## Your objective
The listing below contains a span that opens with the line containing "當知識產(chǎn)權出質(zhì)登記" and closes with the line containing "バイカラー使いがポイントで、". Return that span exactly.
Data for this task Start Marker
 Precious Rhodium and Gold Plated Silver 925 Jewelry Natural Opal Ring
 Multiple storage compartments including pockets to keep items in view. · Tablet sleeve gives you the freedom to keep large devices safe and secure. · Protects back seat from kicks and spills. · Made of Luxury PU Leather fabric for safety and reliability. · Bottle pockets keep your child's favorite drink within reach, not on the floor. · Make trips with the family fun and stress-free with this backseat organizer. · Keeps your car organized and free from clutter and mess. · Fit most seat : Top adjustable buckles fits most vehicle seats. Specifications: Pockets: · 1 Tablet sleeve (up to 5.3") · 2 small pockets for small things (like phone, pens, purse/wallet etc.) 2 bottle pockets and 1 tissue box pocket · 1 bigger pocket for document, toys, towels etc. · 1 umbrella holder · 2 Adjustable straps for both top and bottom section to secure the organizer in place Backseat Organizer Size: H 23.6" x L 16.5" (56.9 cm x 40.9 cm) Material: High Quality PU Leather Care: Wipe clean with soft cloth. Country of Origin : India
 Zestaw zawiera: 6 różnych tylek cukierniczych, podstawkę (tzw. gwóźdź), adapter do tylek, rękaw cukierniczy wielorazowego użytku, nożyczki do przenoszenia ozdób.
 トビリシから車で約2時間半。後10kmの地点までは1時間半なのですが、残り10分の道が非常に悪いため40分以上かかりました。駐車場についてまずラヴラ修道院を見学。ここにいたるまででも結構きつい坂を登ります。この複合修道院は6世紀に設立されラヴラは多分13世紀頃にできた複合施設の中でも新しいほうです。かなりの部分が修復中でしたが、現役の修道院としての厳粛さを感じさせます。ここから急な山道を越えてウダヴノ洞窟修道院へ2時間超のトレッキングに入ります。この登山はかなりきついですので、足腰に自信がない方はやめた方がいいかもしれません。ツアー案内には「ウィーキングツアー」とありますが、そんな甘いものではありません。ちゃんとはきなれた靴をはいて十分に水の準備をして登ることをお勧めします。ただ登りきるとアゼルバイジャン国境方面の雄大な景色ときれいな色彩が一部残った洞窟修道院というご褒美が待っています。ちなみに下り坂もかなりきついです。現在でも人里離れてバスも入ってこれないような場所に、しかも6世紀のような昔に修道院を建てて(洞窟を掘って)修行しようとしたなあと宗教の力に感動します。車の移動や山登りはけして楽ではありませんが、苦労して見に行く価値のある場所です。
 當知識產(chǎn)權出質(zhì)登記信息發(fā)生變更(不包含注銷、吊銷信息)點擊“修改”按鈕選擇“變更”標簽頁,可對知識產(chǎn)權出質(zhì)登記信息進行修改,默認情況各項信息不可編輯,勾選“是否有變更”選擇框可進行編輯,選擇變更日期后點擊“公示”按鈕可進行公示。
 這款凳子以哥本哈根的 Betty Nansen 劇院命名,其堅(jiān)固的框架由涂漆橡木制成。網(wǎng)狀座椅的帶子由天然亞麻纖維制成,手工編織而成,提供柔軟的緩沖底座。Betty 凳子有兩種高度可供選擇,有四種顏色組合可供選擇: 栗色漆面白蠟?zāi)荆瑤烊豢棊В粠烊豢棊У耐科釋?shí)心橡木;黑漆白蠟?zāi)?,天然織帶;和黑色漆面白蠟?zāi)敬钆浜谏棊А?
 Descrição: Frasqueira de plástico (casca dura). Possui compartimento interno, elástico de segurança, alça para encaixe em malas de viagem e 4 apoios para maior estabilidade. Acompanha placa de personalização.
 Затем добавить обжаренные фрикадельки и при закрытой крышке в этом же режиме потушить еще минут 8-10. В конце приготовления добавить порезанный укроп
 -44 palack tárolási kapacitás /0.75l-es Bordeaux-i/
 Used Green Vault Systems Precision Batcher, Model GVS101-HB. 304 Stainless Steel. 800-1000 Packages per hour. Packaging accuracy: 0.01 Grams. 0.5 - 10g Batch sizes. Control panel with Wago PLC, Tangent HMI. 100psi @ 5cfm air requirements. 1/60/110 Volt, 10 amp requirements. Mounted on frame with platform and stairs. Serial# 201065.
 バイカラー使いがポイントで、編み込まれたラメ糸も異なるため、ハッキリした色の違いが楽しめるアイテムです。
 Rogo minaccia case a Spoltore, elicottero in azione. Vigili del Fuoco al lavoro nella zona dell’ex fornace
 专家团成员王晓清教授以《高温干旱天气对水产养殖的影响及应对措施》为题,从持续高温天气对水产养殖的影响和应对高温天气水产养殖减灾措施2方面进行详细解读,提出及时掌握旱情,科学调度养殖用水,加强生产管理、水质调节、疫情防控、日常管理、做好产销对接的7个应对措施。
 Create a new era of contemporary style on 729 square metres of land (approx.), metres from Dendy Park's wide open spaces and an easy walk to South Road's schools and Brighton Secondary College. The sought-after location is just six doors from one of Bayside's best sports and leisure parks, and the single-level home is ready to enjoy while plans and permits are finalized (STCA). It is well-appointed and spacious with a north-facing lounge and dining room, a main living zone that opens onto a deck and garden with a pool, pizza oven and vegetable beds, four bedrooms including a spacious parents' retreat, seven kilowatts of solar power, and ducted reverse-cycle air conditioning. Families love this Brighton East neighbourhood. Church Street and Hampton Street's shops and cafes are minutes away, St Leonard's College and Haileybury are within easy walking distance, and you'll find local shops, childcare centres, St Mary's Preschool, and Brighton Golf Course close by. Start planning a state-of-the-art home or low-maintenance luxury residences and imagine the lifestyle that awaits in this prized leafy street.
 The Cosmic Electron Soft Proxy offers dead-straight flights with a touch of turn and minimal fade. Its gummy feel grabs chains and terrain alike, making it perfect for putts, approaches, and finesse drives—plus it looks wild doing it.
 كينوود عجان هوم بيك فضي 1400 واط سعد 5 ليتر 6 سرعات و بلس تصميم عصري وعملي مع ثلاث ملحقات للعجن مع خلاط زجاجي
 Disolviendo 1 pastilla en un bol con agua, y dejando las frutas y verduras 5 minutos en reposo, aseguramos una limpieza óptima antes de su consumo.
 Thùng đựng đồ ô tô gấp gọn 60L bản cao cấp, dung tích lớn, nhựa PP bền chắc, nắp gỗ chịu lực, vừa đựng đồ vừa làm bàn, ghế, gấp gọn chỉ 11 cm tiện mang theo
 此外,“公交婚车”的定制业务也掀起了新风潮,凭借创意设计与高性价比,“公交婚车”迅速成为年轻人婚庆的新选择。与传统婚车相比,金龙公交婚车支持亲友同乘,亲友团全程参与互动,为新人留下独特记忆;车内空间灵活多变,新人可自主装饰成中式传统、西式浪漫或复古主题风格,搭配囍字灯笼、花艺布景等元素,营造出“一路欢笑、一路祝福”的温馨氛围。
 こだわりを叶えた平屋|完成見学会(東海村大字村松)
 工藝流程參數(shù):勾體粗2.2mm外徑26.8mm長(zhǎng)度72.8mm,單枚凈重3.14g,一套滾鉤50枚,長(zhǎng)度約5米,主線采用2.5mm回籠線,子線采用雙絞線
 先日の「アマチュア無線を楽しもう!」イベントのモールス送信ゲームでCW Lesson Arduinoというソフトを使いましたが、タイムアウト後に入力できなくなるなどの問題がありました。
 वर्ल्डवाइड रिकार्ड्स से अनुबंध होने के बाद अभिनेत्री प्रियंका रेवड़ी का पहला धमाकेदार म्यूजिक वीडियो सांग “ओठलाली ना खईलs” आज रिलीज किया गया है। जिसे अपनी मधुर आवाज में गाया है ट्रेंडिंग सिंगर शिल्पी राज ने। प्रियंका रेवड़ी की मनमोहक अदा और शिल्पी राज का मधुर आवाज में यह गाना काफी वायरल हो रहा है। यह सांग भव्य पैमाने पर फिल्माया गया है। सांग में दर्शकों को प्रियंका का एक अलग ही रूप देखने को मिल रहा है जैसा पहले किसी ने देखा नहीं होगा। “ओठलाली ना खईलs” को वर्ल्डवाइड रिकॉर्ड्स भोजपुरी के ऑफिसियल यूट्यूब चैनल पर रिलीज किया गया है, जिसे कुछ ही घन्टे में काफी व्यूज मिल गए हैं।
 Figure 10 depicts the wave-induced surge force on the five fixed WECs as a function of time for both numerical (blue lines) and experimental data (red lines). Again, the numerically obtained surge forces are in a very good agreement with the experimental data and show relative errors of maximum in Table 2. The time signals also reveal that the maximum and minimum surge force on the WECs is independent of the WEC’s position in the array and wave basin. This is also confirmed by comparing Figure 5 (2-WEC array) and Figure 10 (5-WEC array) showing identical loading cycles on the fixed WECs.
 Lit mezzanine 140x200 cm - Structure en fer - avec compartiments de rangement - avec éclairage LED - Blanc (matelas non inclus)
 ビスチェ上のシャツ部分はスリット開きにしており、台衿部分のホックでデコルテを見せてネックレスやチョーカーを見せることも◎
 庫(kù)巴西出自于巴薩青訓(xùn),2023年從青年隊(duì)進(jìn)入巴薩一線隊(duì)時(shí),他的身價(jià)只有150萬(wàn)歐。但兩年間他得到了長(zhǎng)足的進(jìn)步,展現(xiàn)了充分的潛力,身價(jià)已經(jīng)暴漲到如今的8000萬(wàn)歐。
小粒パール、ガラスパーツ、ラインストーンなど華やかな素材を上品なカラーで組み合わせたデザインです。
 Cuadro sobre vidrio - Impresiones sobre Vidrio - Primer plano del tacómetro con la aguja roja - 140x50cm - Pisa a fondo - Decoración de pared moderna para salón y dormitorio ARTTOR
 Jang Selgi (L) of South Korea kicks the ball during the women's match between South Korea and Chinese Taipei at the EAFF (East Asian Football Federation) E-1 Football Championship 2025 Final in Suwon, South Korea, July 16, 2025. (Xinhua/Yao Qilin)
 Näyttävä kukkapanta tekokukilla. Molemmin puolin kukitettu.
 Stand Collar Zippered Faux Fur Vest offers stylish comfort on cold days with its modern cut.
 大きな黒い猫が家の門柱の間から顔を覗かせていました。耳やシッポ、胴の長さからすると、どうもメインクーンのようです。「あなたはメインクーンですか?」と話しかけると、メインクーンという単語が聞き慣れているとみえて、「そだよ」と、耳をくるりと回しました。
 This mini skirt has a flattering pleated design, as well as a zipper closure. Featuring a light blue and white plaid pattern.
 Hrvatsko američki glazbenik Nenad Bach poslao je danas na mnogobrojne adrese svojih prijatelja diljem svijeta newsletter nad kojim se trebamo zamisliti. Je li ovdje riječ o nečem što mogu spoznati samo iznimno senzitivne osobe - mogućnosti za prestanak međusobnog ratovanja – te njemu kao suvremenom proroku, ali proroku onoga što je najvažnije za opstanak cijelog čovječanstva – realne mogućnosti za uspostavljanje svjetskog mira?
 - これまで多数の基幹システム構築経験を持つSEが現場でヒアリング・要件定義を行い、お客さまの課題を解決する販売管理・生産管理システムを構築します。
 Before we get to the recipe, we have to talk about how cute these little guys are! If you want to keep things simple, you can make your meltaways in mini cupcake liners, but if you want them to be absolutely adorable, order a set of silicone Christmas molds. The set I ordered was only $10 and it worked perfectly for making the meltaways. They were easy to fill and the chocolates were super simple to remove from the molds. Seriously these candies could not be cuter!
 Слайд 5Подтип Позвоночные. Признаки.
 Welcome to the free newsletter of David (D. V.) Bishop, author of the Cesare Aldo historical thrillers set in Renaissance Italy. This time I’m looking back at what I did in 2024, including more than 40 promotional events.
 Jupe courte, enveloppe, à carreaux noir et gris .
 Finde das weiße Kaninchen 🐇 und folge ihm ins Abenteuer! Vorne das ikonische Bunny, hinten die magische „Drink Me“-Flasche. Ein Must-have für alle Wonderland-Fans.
Data for this task End Marker
## Result
 當知識產(chǎn)權出質(zhì)登記信息發(fā)生變更(不包含注銷、吊銷信息)點擊“修改”按鈕選擇“變更”標簽頁,可對知識產(chǎn)權出質(zhì)登記信息進行修改,默認情況各項信息不可編輯,勾選“是否有變更”選擇框可進行編輯,選擇變更日期后點擊“公示”按鈕可進行公示。
 這款凳子以哥本哈根的 Betty Nansen 劇院命名,其堅(jiān)固的框架由涂漆橡木制成。網(wǎng)狀座椅的帶子由天然亞麻纖維制成,手工編織而成,提供柔軟的緩沖底座。Betty 凳子有兩種高度可供選擇,有四種顏色組合可供選擇: 栗色漆面白蠟?zāi)荆瑤烊豢棊В粠烊豢棊У耐科釋?shí)心橡木;黑漆白蠟?zāi)?,天然織帶;和黑色漆面白蠟?zāi)敬钆浜谏棊А?
 Descrição: Frasqueira de plástico (casca dura). Possui compartimento interno, elástico de segurança, alça para encaixe em malas de viagem e 4 apoios para maior estabilidade. Acompanha placa de personalização.
 Затем добавить обжаренные фрикадельки и при закрытой крышке в этом же режиме потушить еще минут 8-10. В конце приготовления добавить порезанный укроп
 -44 palack tárolási kapacitás /0.75l-es Bordeaux-i/
 Used Green Vault Systems Precision Batcher, Model GVS101-HB. 304 Stainless Steel. 800-1000 Packages per hour. Packaging accuracy: 0.01 Grams. 0.5 - 10g Batch sizes. Control panel with Wago PLC, Tangent HMI. 100psi @ 5cfm air requirements. 1/60/110 Volt, 10 amp requirements. Mounted on frame with platform and stairs. Serial# 201065.
 バイカラー使いがポイントで、編み込まれたラメ糸も異なるため、ハッキリした色の違いが楽しめるアイテムです。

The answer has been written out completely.